Windows 11 Version 25H2 continues the product direction of pushing more inbox apps, WebView2-based content, and AI surfaces into core areas of the OS. That creates friction for users who want a quiet, privacy-respecting desktop: preinstalled inbox apps, OneDrive/Edge behaviors, Copilot/Bing integration and layered telemetry are the recurring complaints. Community projects have taken two broad approaches: build a fresh, lean installer (Tiny11-style) or apply scripted in-place cleans (Win11Debloat-style). Both attempt to achieve the same goal — remove telemetry and cruft and restore a simpler desktop — but they do that at different points in the lifecycle of the OS.

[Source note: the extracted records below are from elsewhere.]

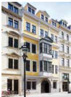
The Bach Museum

The permanent exhibition in the Bach Museum Leipzig presents Bach's life and work in many different ways: sound experiments, multimedia stations and interactive elements as well as precious originals are to be found. A highlight of the exhibition is the Treasure Chamber, in which the original Bach manuscripts and other rarities are on display. At concerts and during guided tours the baroque Summer Hall with its unique sound chamber is also accessible for visitors. The annual highlight in Bach-related events, however, is the international Bach Festival ("Bachfest") in June hosting some 100 events in historical venues such as St. Thomas and the Old City Hall. Even jazz interpretations of Bach's works can be heard.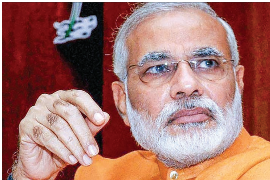
Prime Minister Narendra Modi.

Peace, unity and harmony is at core of various philosophies in the country, Sufism is also one of them. When we talk of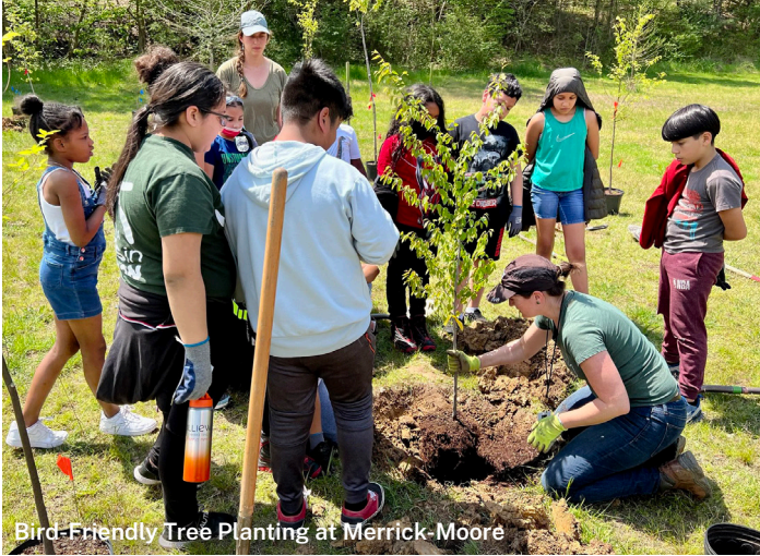
Bird-Friendly Tree Planting at Merrick-Moore

Keep Durham Beautiful works to build an environmentally resilient, clean, and inter-connected Durham through volunteerism.

Tiny11’s builder workflow is designed around offline servicing of an official Microsoft ISO: it removes provisioned packages, injects unattended answers to avoid forced Microsoft Account (MSA) sign-in during OOBE, and recompresses the image to produce a much smaller, serviceable ISO. That is the most deterministic way to “de-enshittify” Windows, but it requires a clean install and some build-time resources.
Win11Debloat aims to get most of the same benefits without reinstalling. It’s a PowerShell script that offers three high-level modes — Default, Custom, and App removal — and a long list of options to remove apps, disable telemetry, and tweak search/Copilot/Bing behavior. Recent changes to the tool’s distribution and execution have simplified running it on modern 25H2 systems: you can now fetch and run the script from an elevated Terminal session in a single command instead of pre-adjusting execution policy and downloading ZIPs manually.
That said, these are unofficial modifications. They work because they exploit documented servicing APIs and PowerShell capabilities, but Microsoft’s servicing pipeline and update cadence are a moving target: expect to re-validate and reapply changes after major updates, and always test before deploying at scale. If long-term maintainability is the priority, build a tested Tiny11-style image for deployment and use Win11Debloat as a maintenance tool for existing endpoints.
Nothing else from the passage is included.